As was explained to you by others and included in a FAQ,

"And this is another reason why, in the end, it's so much easier to just take the mass to be the invariant quantity m, and to put any directional information into a separate, matrix, factor."

http://math.ucr.edu/home/baez/physics/Relativity/SR/mass.html
 
  • #4
What I think is preventing you from being able to do the problem ...
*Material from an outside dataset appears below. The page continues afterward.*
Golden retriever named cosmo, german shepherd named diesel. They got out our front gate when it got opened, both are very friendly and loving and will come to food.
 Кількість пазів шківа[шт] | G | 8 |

Oy! Total nonsense. I just didn't see the expansion do to a silly oversight on my part. jeff was kind enough to clear that up for me - End of story! And please stop repeating yourself over and over and over and over and over and over and over and over and over and again

Folks - This person follows me from forum to forum repeating himself to the point of nausea. He has a *very* limited understanding of relativistic mass and passes around misinformation. I don't have the time to correct him here as well as everywhere else.

Pmb
 
  • #5
Does stress increase the inertia of a body? Does it increase gravitational attraction or in any way affect spacetime curvature? If so, I'm confused, I thought it took energy to do these things.
 
  • #6
Originally posted by Sacroiliac
Does stress increase the inertia of a body? Does it increase gravitational attraction or in any way affect spacetime curvature? If so, I'm confused, I thought it took energy to do these things.
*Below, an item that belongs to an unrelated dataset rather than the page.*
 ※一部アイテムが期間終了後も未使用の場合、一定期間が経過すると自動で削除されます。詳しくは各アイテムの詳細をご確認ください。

Yes. Stress increases the inertia of a body as well as it's ability to generate a gravitational field. Energy in one frame is stress in another frame - this implies that even though a body is at rest the increased stress increases the inertia and the g-field in creates.

It's for this reason that pressure is a source of gravity.

Pete
 
  • #7
Originally posted by pmb
Yes. Stress increases the inertia of a body as well as it's ability to generate a gravitational field. Energy in one frame is stress in another frame - this implies that even though a body is at rest the increased stress increases the inertia and the g-field in creates.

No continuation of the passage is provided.